Russell L. Ackoff Quotes

Because a cause was taken to be sufficient for its effect, nothing was required to explain the effect other than the cause. Consequently, the quest for causes was environment-free. It employed what we now call 'closed-system' thinking. Laws. —like that of freely falling bodies—-were formulated so as to exclude environmental effects.

In proactive problem solving we specify where we want to go, and we try to get there. Although such an approach does not eliminate the possibility of overlooking relevant consequences of our solutions, it reduces the probability of doing so. The more ultimate the desired outcome we specify, the more likely we are to consider the intermediate and long-run consequences of our immediate actions. The more immediate the source of dissatisfaction we try to get rid of, the less likely we are to take account of relevant consequences. Therefore, the chances of overlooking relevant consequences are minimized when we formulate a problem in terms of approaching one or more ideals.

I began graduate work in the philosophy of sciences at the University of Pennsylvania in 1941 where I came under the influence of the “grand old man” of the department, the eminent philosopher E.A. Singer, Jr. Because of the informality of the department he created I began to collaborate with two younger members of the faculty, both of whom were former students of Singer, Thomas A. Cown and C. West Churchman. Three aspects of Singer's philosophy had a particularly strong influence on me. First, that the practice of philosophy, its application, was necessary for the development of philosophy itself. Second, that effective work on “real” problems required an interdisciplinary approach. Third, that the social area needed more work than any of the other domains of science and that this was the most difficult. We developed a concept of a research group that would enable us to practice philosophy in the social domain by dealing with real problems. The organization we designed was called “The Institute of Experimental Method.” With the participation of a number of other graduate students in philosophy and a few other members of the faculty we started this institute on a completely informal basis.

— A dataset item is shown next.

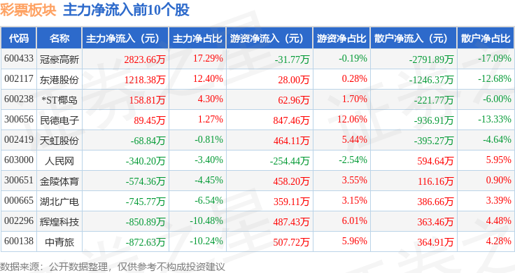 从资金流向上来看,当日彩票板块主力资金净流出1.84亿元,游资资金净流入7552.73万元,散户资金净流入1.08亿元。彩票板块个股资金流向见下表:

When a business is bought, it is bought for its potential—for its future, not its past.

[Mistake 2:] Managers need all the information they want. Most MIS designers "determine" what information is needed by asking managers what information they would like to have. This is based on the assumption that managers know what information they need and want.

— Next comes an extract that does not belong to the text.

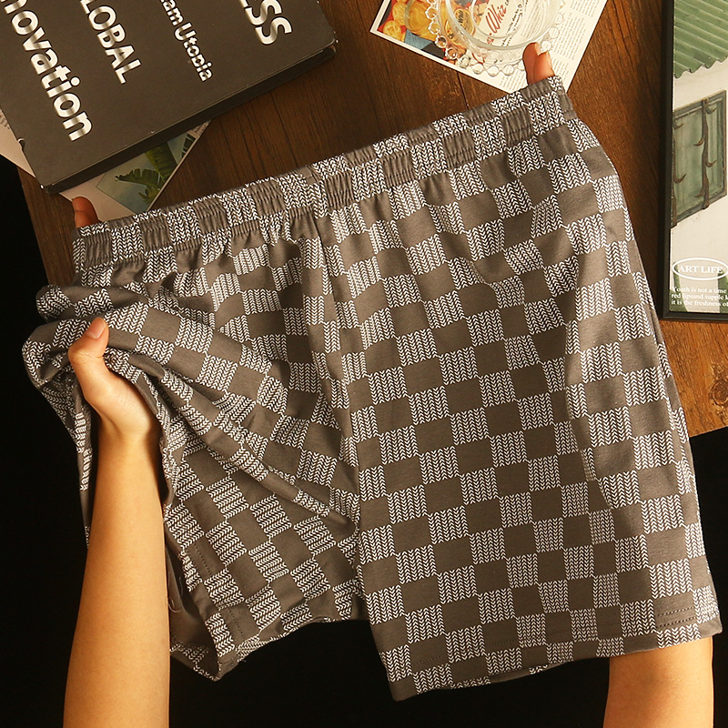 メンズアローパンツホーム下着卸売綿織チェック柄ボクサー夏のビーチパンツルーズボクサーパンツ

In the Systems Age we tend to look at things as part of larger wholes rather than as wholes to be taken apart. This is the doctrine of expansionism. Expansionism brings with it the synthetic mode of thought much as reductionism brought with it.

Every culture has a shared pattern of thinking. It is the cement that holds a culture together, gives it unity. A culture's characteristic way of thinking is imbedded in its concept of the nature of reality, its world view.

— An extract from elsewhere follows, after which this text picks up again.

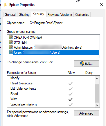 Ok I gave the group full control to the local Epicor folder on the RDSApp Server…still same error. Is it on the RDS App Server or where it is being publlished from. I don’t know this well so not sure I am explaining it well. Everything is controlled on another server…

Scientific models have all these connotations. They are representations of states, objects, and events. They are idealized in the sense that they are less complicated than reality and hence easier to use for research purposes. These models are easier to manipulate and "carry" than the real thing. The simplicity of models, compared with reality, lies in the fact that only the relevant properties of reality are represented.

Successful problem solving requires finding the right solution to the right problem. We fail more often because we solve the wrong problem than because we get the wrong solution to the right problem.

A system is more than the sum of its parts; it is an indivisible whole. It loses its essential properties when it is taken apart. The elements of a system may themselves be systems, and every system may be part of a larger system.

The development (rather than the history) of operations research as a science consists of the development of its methods, concepts, and techniques. Operations research is neither a method nor a technique; it is or is becoming a science and as such is defined by a combination of the phenomena it studies.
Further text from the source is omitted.